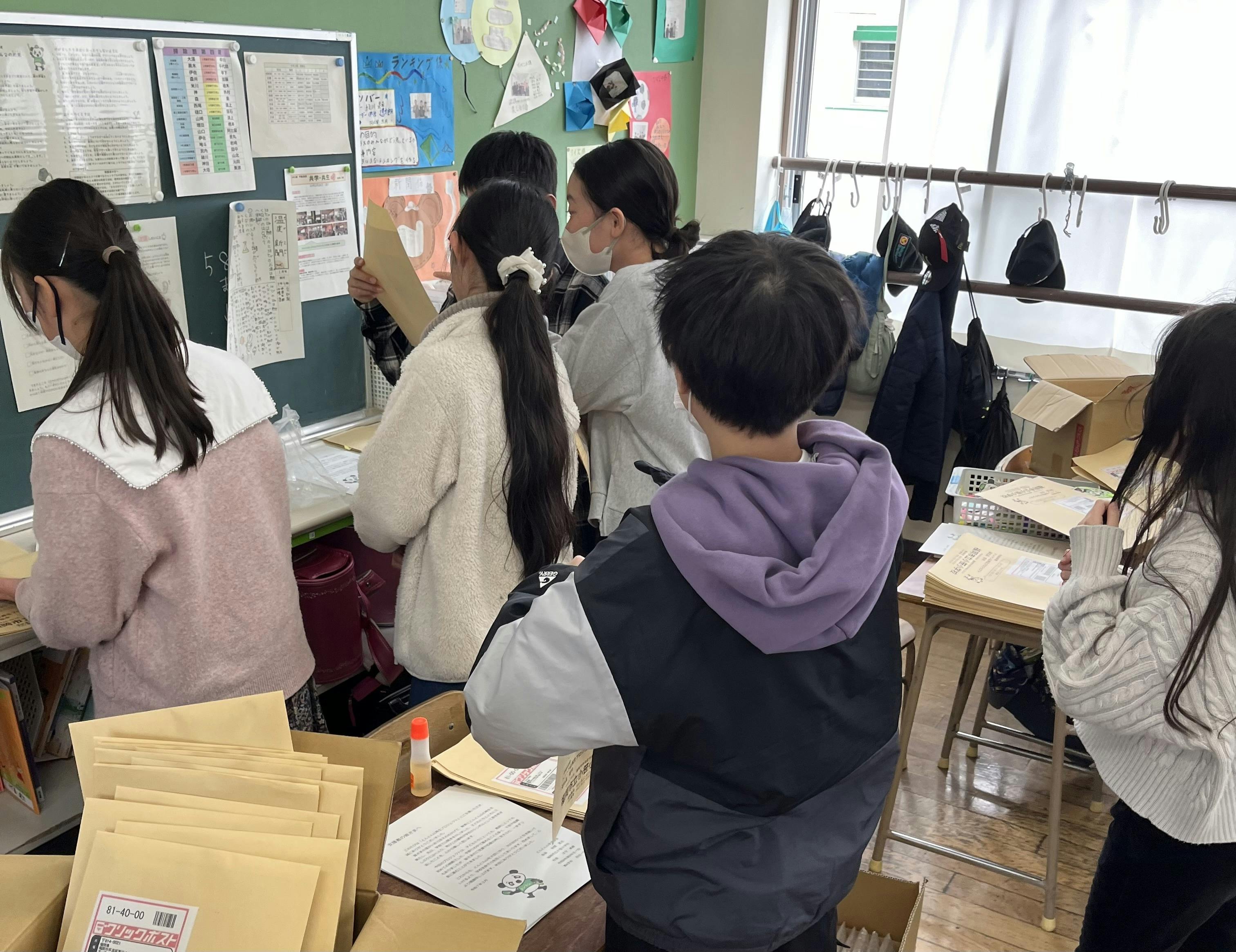 本日、返礼品の郵送が完了しました。たくさんの封筒の数に、子どもたちも驚いていました。封入作業は子どもたちと一緒に行いました。内容品を確認しながら丁寧な作業。途中で分業して作業を進めようとアイデアを出していました。
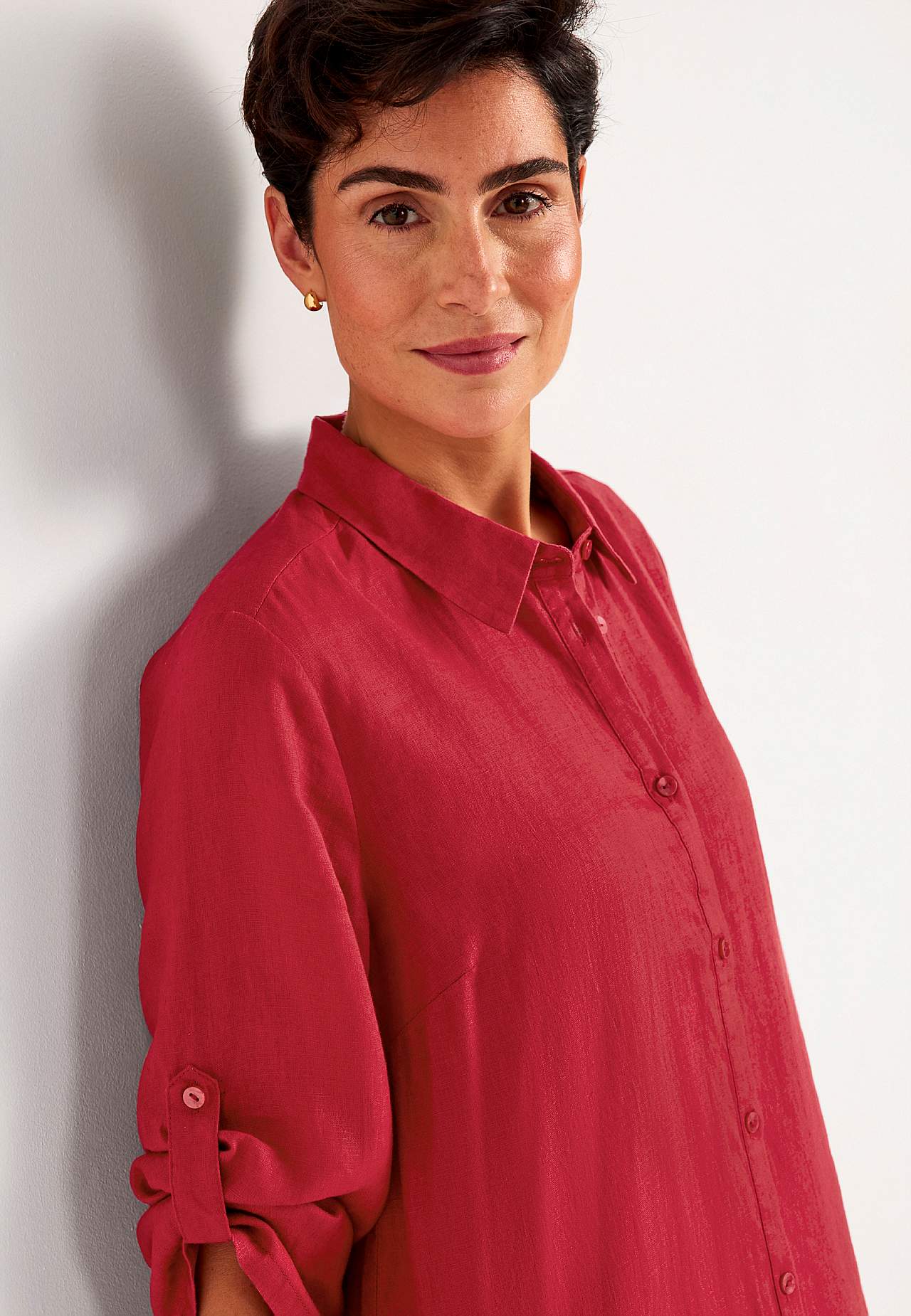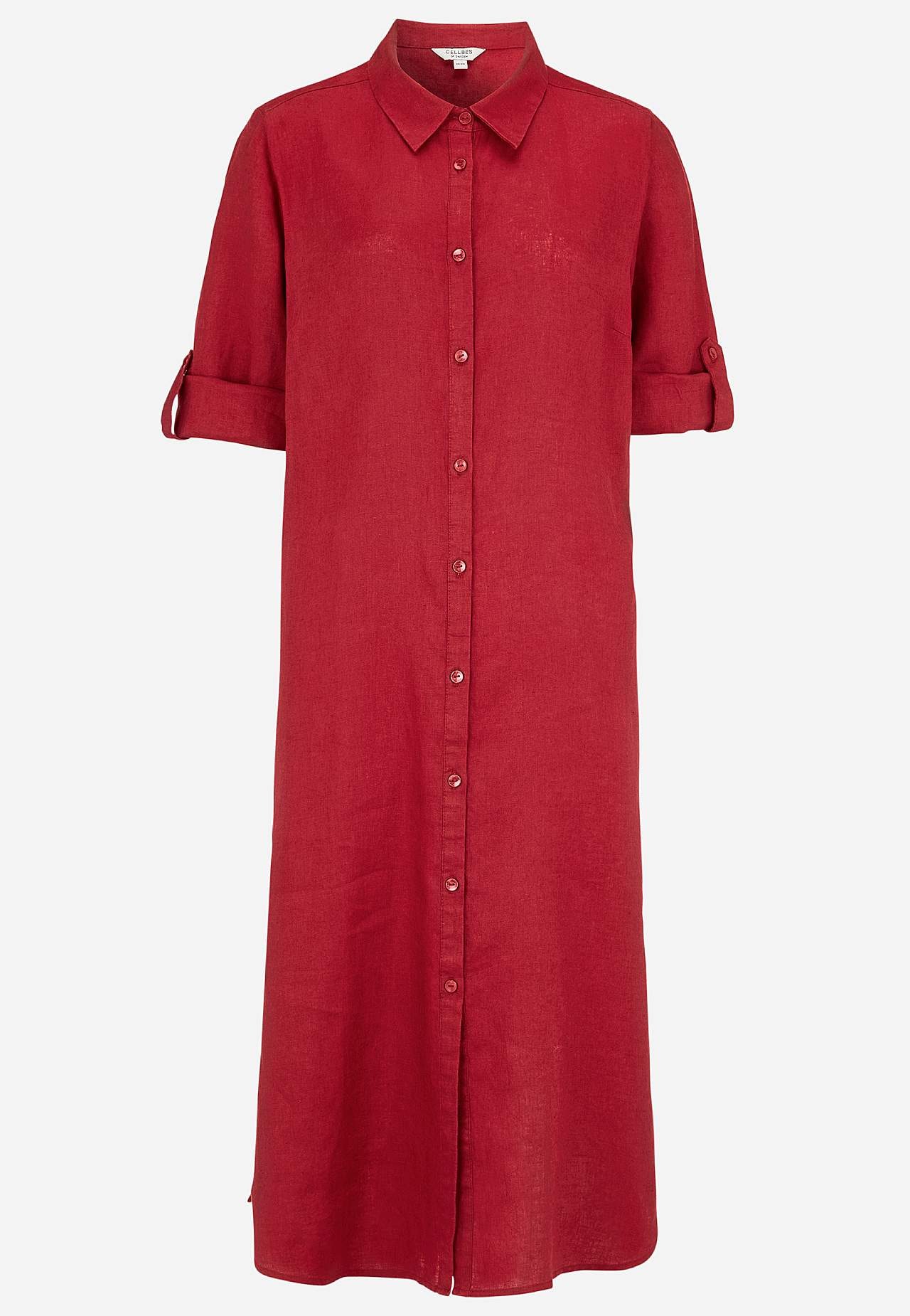 Hemdkleid aus 100% Flachs. Luftiges Material. Geräumige, gerade geschnittene Passform. Knopfleiste von oben nach unten. Faltbarer langer Ärmel mit Knopf-Detail. Abnäher an der Büste für beste Passform. Ein echter Favorit für jeden Tag! Die Länge hängt von der Größe ab und beträgt ca. 116-124 cm (von der Schulter gemessen).
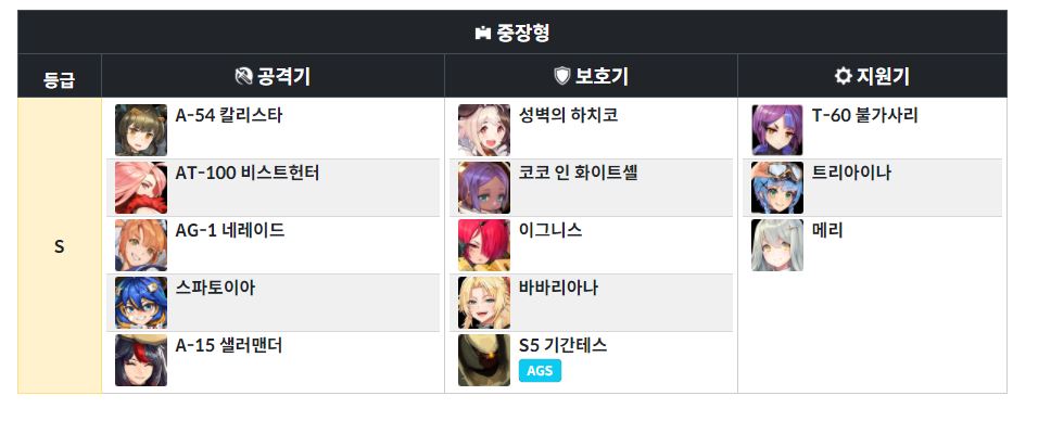 어느정도 S~SS급을 포지션에 맞게 정리해놓은 등급표,
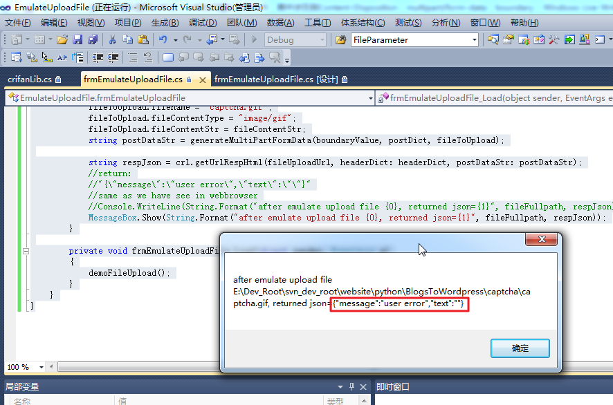 string respJson = crl.getUrlRespHtml(fileUploadUrl, headerDict: headerDict, postDataStr: postDataStr);
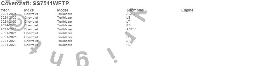 Below is an abbreviated list of applications for the SeatSaver Custom Seat Cover.Trailblazer, Chevrolet, 2025, 2024, 2021
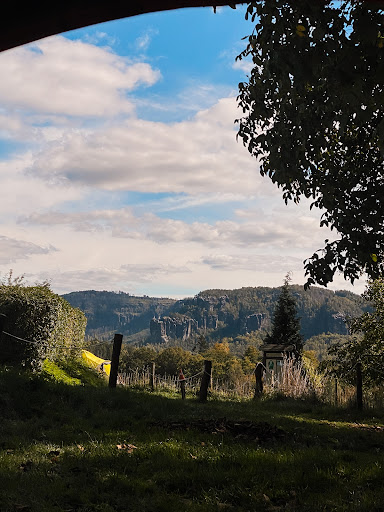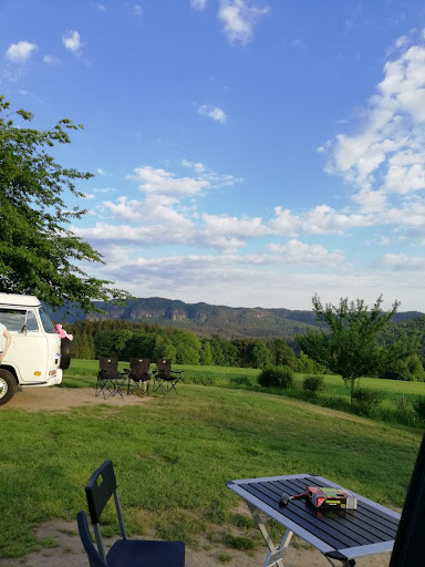 Read moreWenn wir Rezesionen schreiben, dann entweder weil es uns mehr als überzeugt hat oder weil es einfach unterste Kanone war. In diesem Fall können wir ein sehr großes Lob aussprechen. Begonnen hat es mit der Anfrage. Sinngemäß war die Antwort auf meine Frage nach einem freien Platz, "Wir sind zwar voll, aber evtl. findet sich noch ein Plätzchen auf der Zeltwiese. Bitte vor Anreise aber nochmal direkt klären". Gesagt getan. Wir können kommen und finden einen tollen Platz direkt auf der Zeltwiese mit einer herrlichen Aussicht. Der Inhaber meinte zwar der Platz ist nicht groß, aber für einen Defender sollte es reichen. Was soll ich sagen. Der Platz war für unsere Verhältnisse riiieeeesig :-) und grün. Bei Ankunft war keiner da. Kurz angerufen und uns wurde gesagt, das wir einfach auf unseren Platz fahren können und 4 Duschmarken schonmal bereit liegen. Manchmal sind es einfach die kleinen Dinge im Leben die zählen. In unserem Fall waren es die 4 Duschmarken. Für die Gäste auf der Zeltwiese gibt es einen Aufenthaltsraum mit Kühlschränken, Kochplatten und Abspülmöglichkeiten. Sehr schick, wenngleich wir nur zum Abwasch dort aufgeschlagen sind. Die Duschen/Toiletten sind sehr sehr sauber. Die Anmeldung bei André war sehr nett und freundlich. In der Anmeldung gibts auch nen kleinen Shop wo man alles findet, was notwendig ist. Sprich man verhungert und verdurstet nicht :-). Brötchenservice gibts auch und frische Gurken vom Bauern hier aus der Ecke gibt es auch. Man kann auch direkt von hier aus super Wanderungen unternehmen und muss nicht extra ins Auto steigen um zu einem Wanderparkplatz zu gelangen. Ca. 2,8km im nächsten Ort (Altendorf) gibt es einen Metzger (Kirpal) der aber nur Dienstag bis Donnerstag von 14-18 Uhr geöffnet hat. Ist direkt im Gasthaus "Heiterer Blick". Das Grillfleisch kann ich aber erst heute Abend bewerten da es noch im Kühlschrank liegt :-). Zurück zum Campingplatz. Brennholz wird kostenfrei zur Verfügung gestellt und eine Feuerstelle für ein gemeinsames Lagerfeuer gibt es auch. Die Aussicht ist super. Man schaut direkt auf die Sächsische Schweiz mit deren Felsformationen. Der Platz ist klein, aber genau das ist es, was wir suchen. Ruhe, Erholung und nette Campingplatzbetreiber. Was will man mehr. Sollten wir mal wieder in der Ecke sein, dann werden wir definitiv wieder nach einem Plätzchen fragen. Wer sicher gehen will, sollte unbedingt vorher reservieren. Vielen Dank nochmal für den netten Aufenthalt und...

────────────────

### TASK INSTRUCTIONS
Pictures aside, print exactly the lines above starting with the one containing "Hemdkleid aus 100%" and going on through the one containing "Below is an".

### SOLUTION TO THIS PROBLEM
 Hemdkleid aus 100% Flachs. Luftiges Material. Geräumige, gerade geschnittene Passform. Knopfleiste von oben nach unten. Faltbarer langer Ärmel mit Knopf-Detail. Abnäher an der Büste für beste Passform. Ein echter Favorit für jeden Tag! Die Länge hängt von der Größe ab und beträgt ca. 116-124 cm (von der Schulter gemessen).
 어느정도 S~SS급을 포지션에 맞게 정리해놓은 등급표,
 string respJson = crl.getUrlRespHtml(fileUploadUrl, headerDict: headerDict, postDataStr: postDataStr);
 Below is an abbreviated list of applications for the SeatSaver Custom Seat Cover.Trailblazer, Chevrolet, 2025, 2024, 2021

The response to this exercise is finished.